**TASK TO CARRY OUT**
Give the data again exactly as written, skipping any pictures.

START PROVIDED DATA

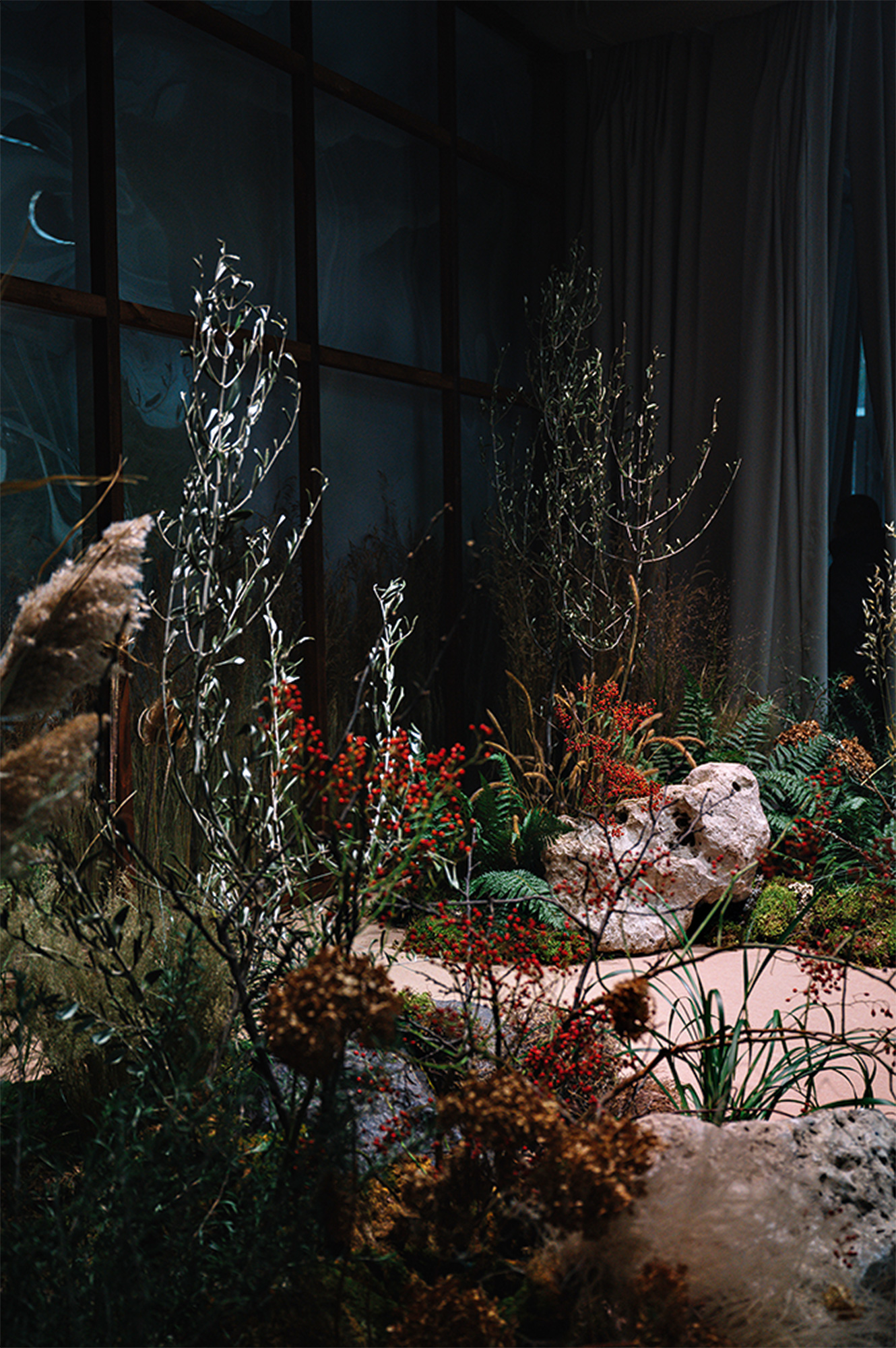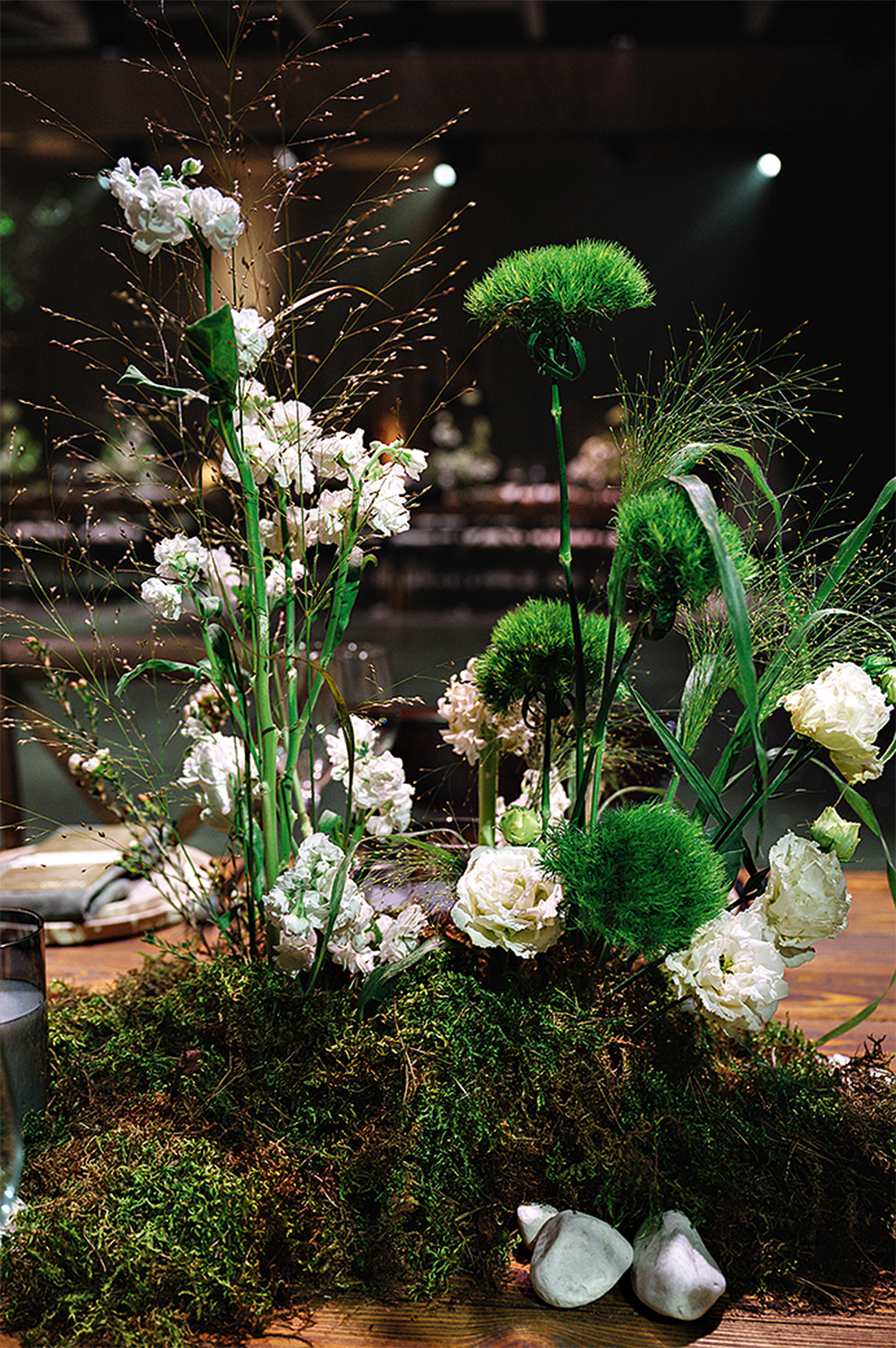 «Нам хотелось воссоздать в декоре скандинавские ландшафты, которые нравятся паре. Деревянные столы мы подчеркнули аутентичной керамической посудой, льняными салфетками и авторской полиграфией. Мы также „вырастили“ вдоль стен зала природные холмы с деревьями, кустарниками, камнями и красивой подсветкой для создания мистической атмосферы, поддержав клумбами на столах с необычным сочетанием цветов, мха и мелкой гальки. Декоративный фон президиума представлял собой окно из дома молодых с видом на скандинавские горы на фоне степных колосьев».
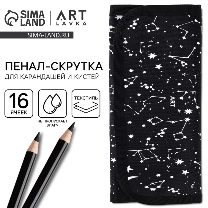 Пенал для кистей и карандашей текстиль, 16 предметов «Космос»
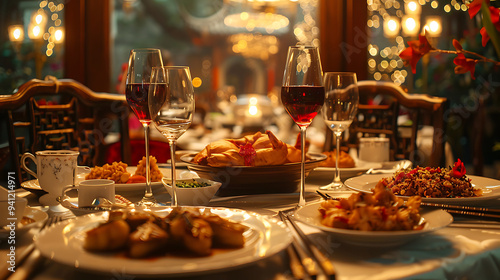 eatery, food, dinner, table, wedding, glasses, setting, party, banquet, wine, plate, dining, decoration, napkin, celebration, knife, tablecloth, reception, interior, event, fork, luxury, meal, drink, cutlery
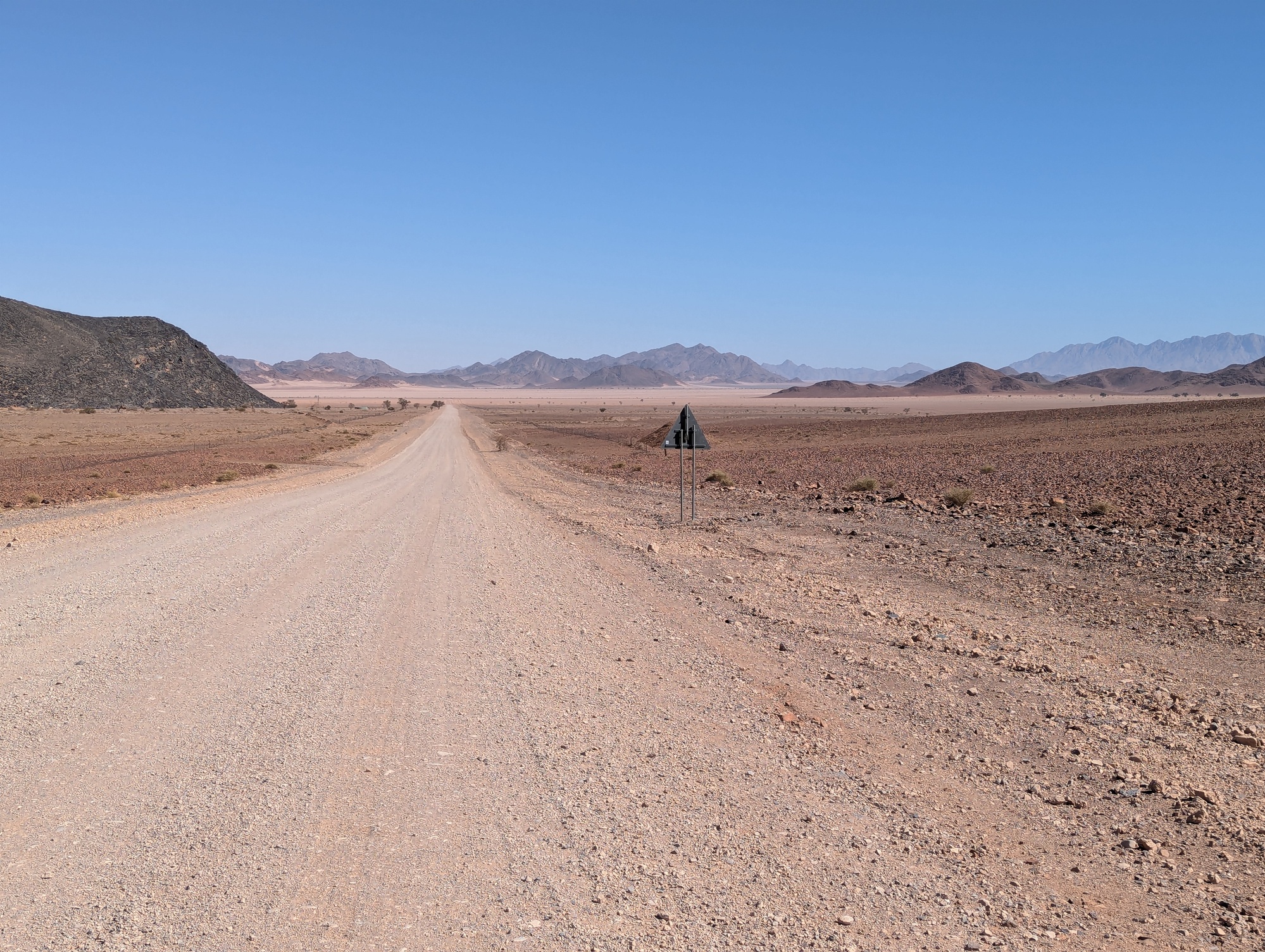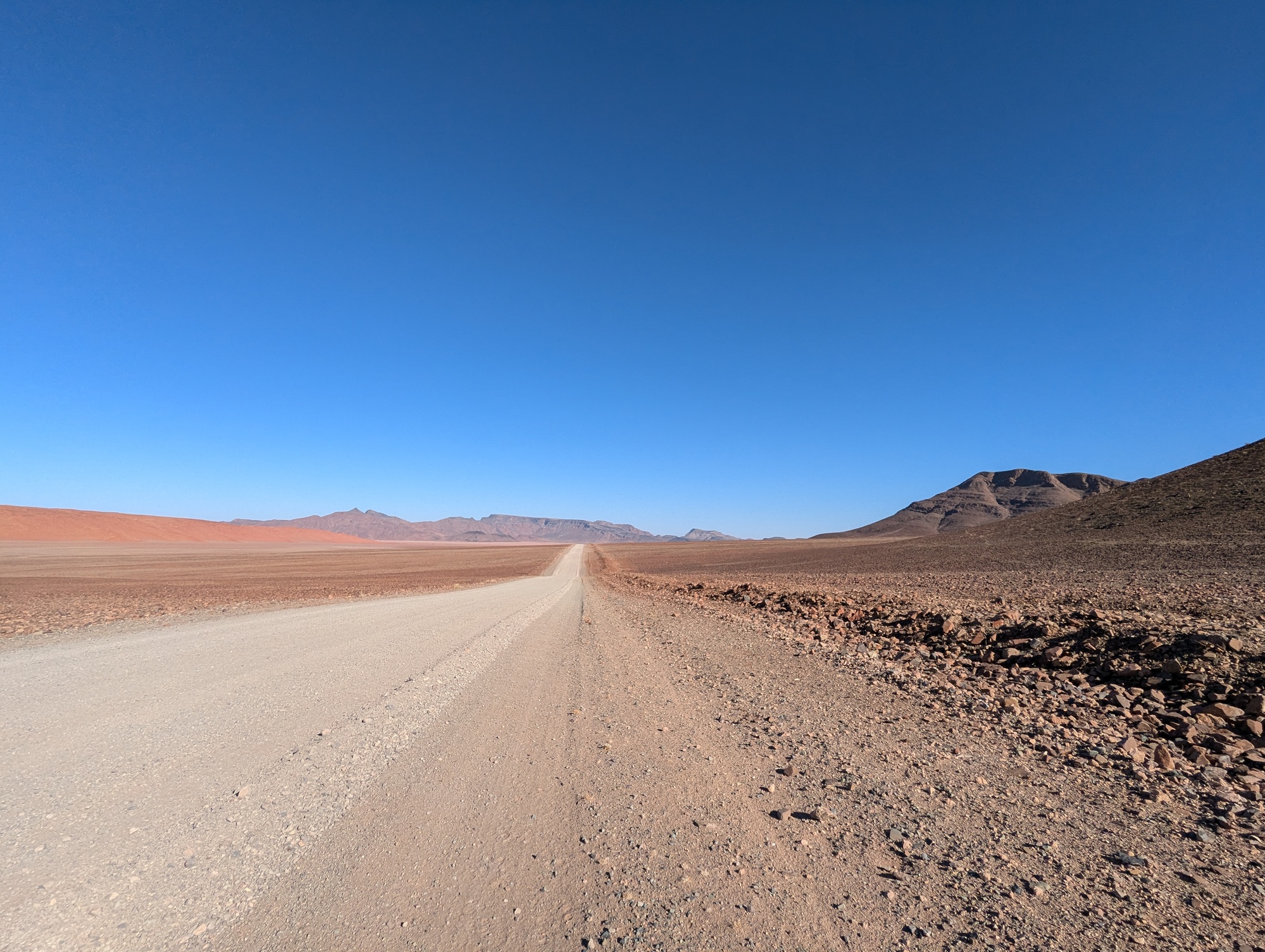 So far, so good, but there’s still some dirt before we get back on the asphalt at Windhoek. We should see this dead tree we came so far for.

END PROVIDED DATA

**WRITTEN ANSWER**
 «Нам хотелось воссоздать в декоре скандинавские ландшафты, которые нравятся паре. Деревянные столы мы подчеркнули аутентичной керамической посудой, льняными салфетками и авторской полиграфией. Мы также „вырастили“ вдоль стен зала природные холмы с деревьями, кустарниками, камнями и красивой подсветкой для создания мистической атмосферы, поддержав клумбами на столах с необычным сочетанием цветов, мха и мелкой гальки. Декоративный фон президиума представлял собой окно из дома молодых с видом на скандинавские горы на фоне степных колосьев».
 Пенал для кистей и карандашей текстиль, 16 предметов «Космос»
 eatery, food, dinner, table, wedding, glasses, setting, party, banquet, wine, plate, dining, decoration, napkin, celebration, knife, tablecloth, reception, interior, event, fork, luxury, meal, drink, cutlery
 So far, so good, but there’s still some dirt before we get back on the asphalt at Windhoek. We should see this dead tree we came so far for.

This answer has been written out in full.